What we study as the “progress” of art history is made up of a series of visual innovations, in the same way as our life these days is affected by a series of technical innovations, such as the one that permits me to write this post on an iPad on the beach. Some steps in stylistic or thematic change are pretty obvious, like all of a sudden the Impressionists were making fields of blotchy out of focus flowers, Hellenistic sculptors introduced drama to marble, or round arches replaced pointed ones and heralded the Renaissance.

Adorazione dei Magi (1423)

Gentile da Fabriano Adorazione dei Magi (1423)

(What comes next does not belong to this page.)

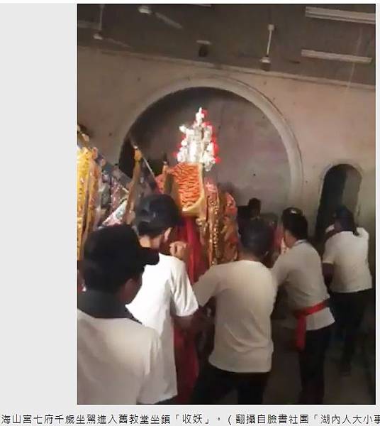 海山宮神轎破門進入舊教堂「收妖」。(翻攝自臉書社團「湖內人大小事」)

But it is the small steps towards these changes that fascinate me more. Of course, we see these things in retrospect. One of my favourite paintings in Florence is Gentile da Fabriano’s Procession of the Magi (the Strozzi Altarpiece) at the Uffizi. What appears to be pure International Gothic style has these really exciting infiltrations of modernity. In the predella below the main scene is what we think might be the first night scene in Renaissance art. Mary and the manger are illuminated in a *consistent manner (*and that’s the relevant part here) by the light that emanates from the baby Jesus. In the main panel, Gentile also experiments with the angles of the heads of figures in the crowd. Meanwhile, this painting also has the tooled gold leaf decorative elements typical of patrons’ wishes, making this altarpiece a transitional one that successfully integrates new and old – no small challenge.

Detail of left predella

I am continuing on my path to recovery and approaching contemporary art because, having not studied it, I judge it by other factors, one of which is “would I put this in my house?” which doesn’t apply well to things like altarpieces, for obvious reasons. Traveling to cultures whose art lacks references to Western history as I know it is also helpful. But no matter what I do or where I go, I will always look at art like an art historian. It is part of who I am.

Italy blogging roundtable

This post is part of a series in which five of us challenge each other to write on the same topic, once a month. If you’ve missed them, read about why I blog about Italy and Driving in Italy. The other posts on the topic of “my favourite work of art in Italy” are:

By: arttrav

Alexandra Korey aka ArtTrav is a Florence-based art historian and arts marketing consultant.

  • http://thisismyhappiness.com Jenna

    This is a great read. I really enjoyed it. I love the Venetian artists, too. Bellini’s San Zaccaria’s altarpiece is one of my favorites. I wouldn’t have thought about the night scene in Gentile da Fabriano’s piece.

  • Audrey

    Very interesting perspective written with humour and style. Well done, Alexandra
     I am particularly interested by your throw-away parenthesis “(for this is an effect that I don’t get from reproductions)”. I’ve always found that to be the case and always wondered why.

  • http://www.arttrav.com arttrav

    thanks mom! :)
    I don’t know of anyone who has ever scientifically explained this effect, other than good ol walter benjamin (the work of art in the age of mechanical reproduction) which you will find on google books or in one of my first year university binders that I left at home on the bookshelf to your right.

  • Rebecca

    I really want to go to a museum with you now. I think I might actually learn something and have fun at the same time. Both cerebral and interesting…a tough balance!